Friday, September 29th, 2006

Well, finally a co-worker found out about my blog today.

I have always been wondering about that – it is a small part of this net-social experiment of mine since I decided to start the blog. I never advertise this and I don’t put anything about my work or family on this blog either. But I think sooner or later the search engine will “betray” me.

Alright, since now I have no place to hide, let’s talk about my work. I work in this company that the secret is about, the company does a lot of things, and there are many people working in this company, some of them are average looking… Well, I’m kidding. I don’t want to talk about my family or my co-workers. I hope I didn’t scare anyone.

Why Scientists Like Hard Problems

Friday, September 29th, 2006

I’ve worked with many scientists.

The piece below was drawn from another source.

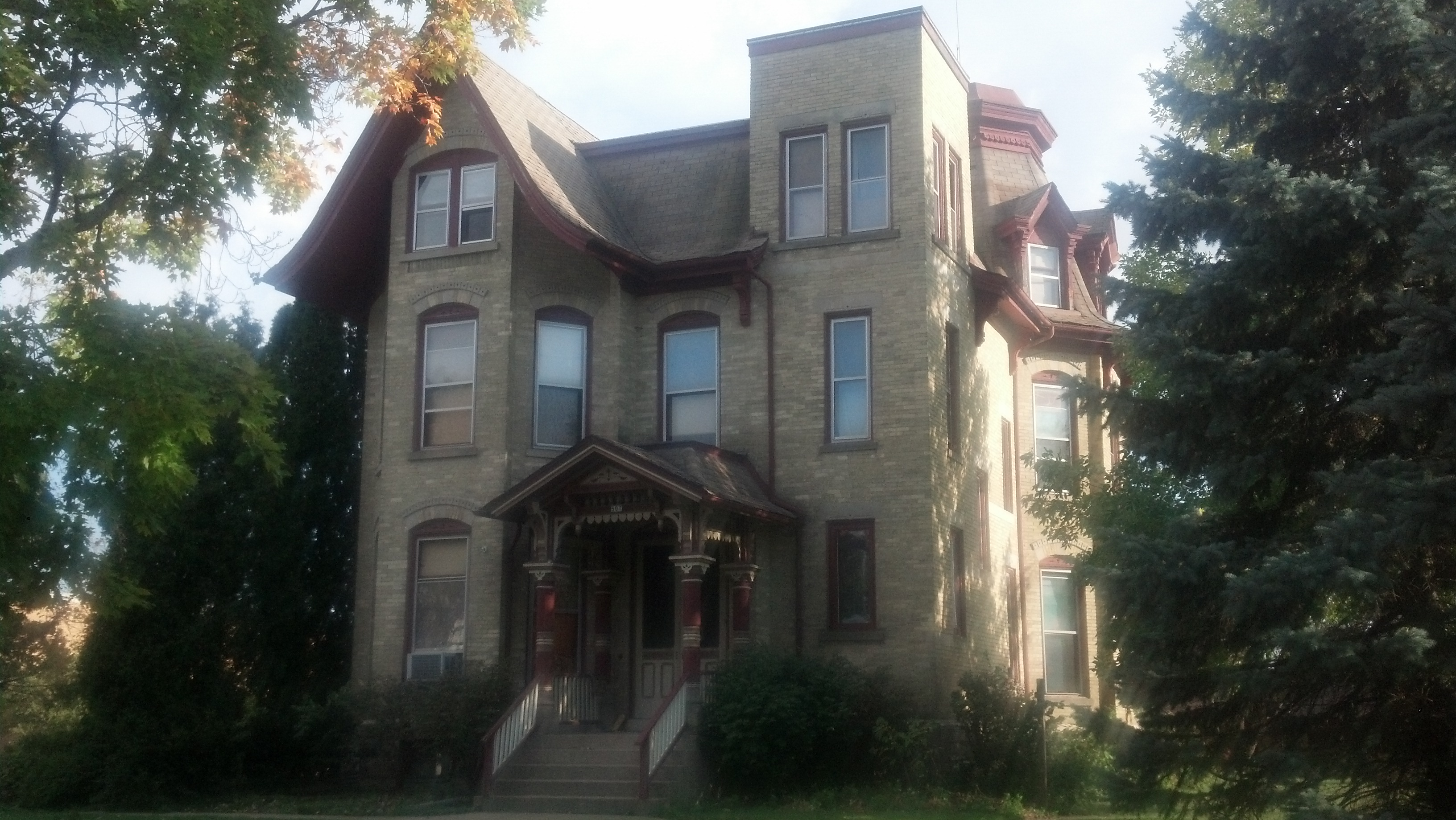 Casper M. Sanger House

Almost everyone have said that the most important thing that keeps them going are the technical challenges – the harder the better. And I’m one of them.

I had always been attributing this to the sense of accomplishment scientists are craving for. However, in the real world, most people usually are not knowledgeable at all how easy or difficult those scientific tasks are. Furthermore, when it is done the scientists usually don’t even bother to tell people how hard it is. They usually are more than satisfied by stating very dryly “here is what we wanted…, and here is how I did it. Thank you very much.”

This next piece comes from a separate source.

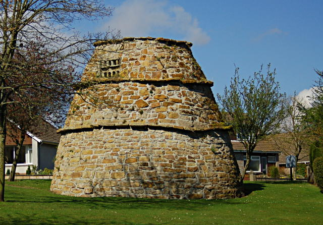 Bogward Doocot A very nice beehive doocot originally on the Bogward farm some distance from St Andrews. The farm was developed for housing some time in the late 70s or early 80s and the doocot is now surrounded by housing. It has around 800 nest boxes inside with pigeon holes in the top and at the side near the top. The three projecting rings of stone are not floors projecting out but rat barriers to try and prevent vermin from gaining entry.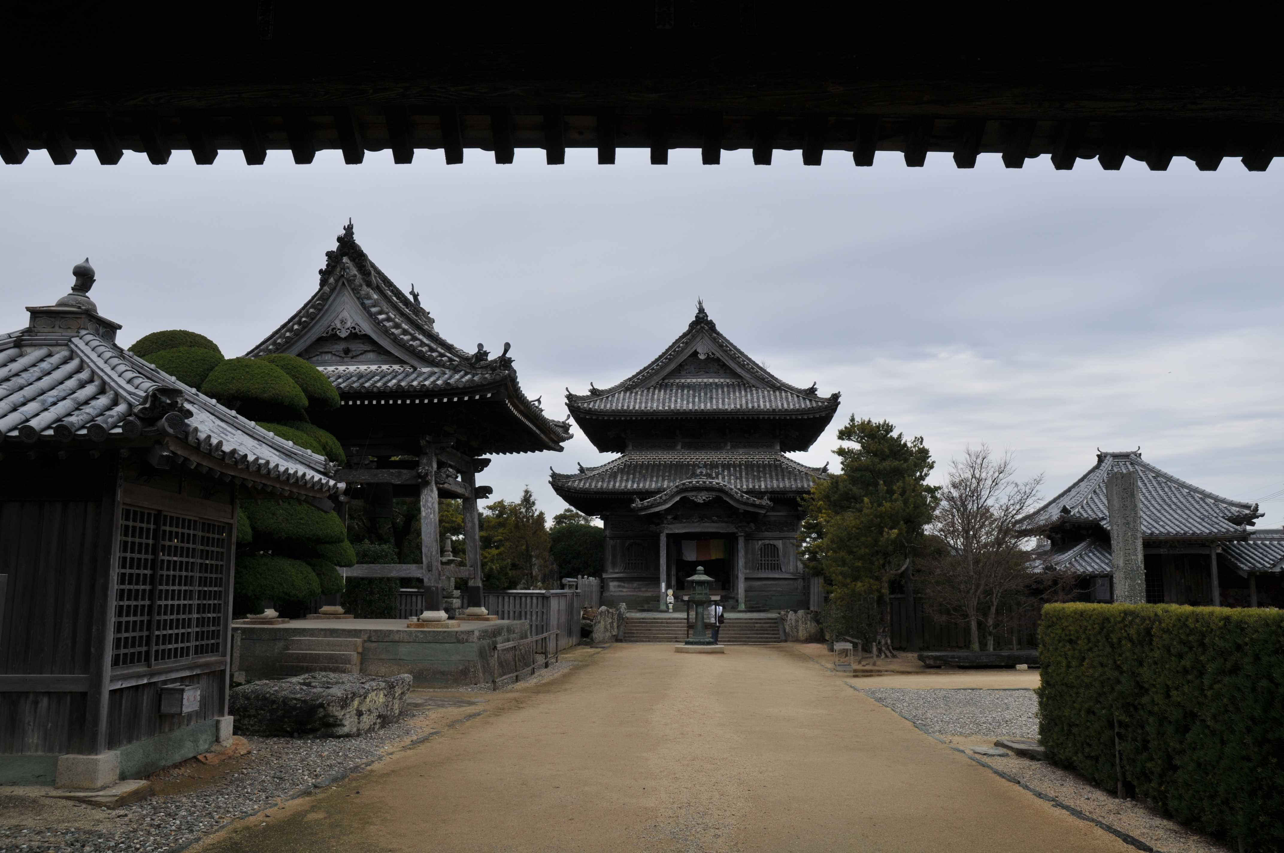 Awa Kokubun-ji

So why would they still fight for the most difficult tasks and shun away from the routine and easy ones, even though people could give them equal if not more accolade for accomplishing more of the easy tasks? Here is my “new theory” – based on an interesting psychological phenomenon.

A psychologist researcher friend once told me that misery is the mother of happiness. Because euphoria is rare and unsustainable, people often experience it very briefly when long-lasting suffering suddenly stops. In other words, for a scientist that euphoria comes when the days, weeks or months of hard labor and utter frustration suddenly produces a beautiful scientific solution. Because that moment is such a high, and we’ve all been there before, the everyday hard work on a hard problem suddenly takes on a play quality.

Well, maybe next week I’ll explain why golf is so addictive using the same theory.

Broke 100

Monday, September 4th, 2006

Played golf Sunday and I broke 100 for the first time with a score of 99.

Breaking 100 is not that exciting since it still averages more than bogey – I had 13-over par on each side. It is more interesting however the way I achieved it. I didn’t feel particularly good about my swing going into the game. In fact, I had one of those glitches that really affected my distance clubs. And it showed on the score card too. I didn’t have one of those “good” rounds where I have 4 pars and 1 birdy. I ony had one par – I could have a couple more if not for a couple of lip-out putts.

So I broke 100 by not making too many mental errors (I had 2) plus a relatively solid short game – only one bad chip and played out of sand twice safely and cleanly. My putting is also stable with only two 3-putts with two 1-putts. Overall I had only one triple and nothing worse than that either. My previous attempts were all foiled by those ugly quadruples and snowman (8 on a par-5).

Congratulations to Tiger’s 5th consecutive wins. I feel I can improve my mental game by just watching this guy play. I had a similar moment Sunday when I had to play out of the woods where I need to hit it low and between two trees with a draw to the fairway running to the left. It’s next to the park where people are gathering and yelling to us. I didn’t let it bother me and pulled the shot off as good as I had imagined.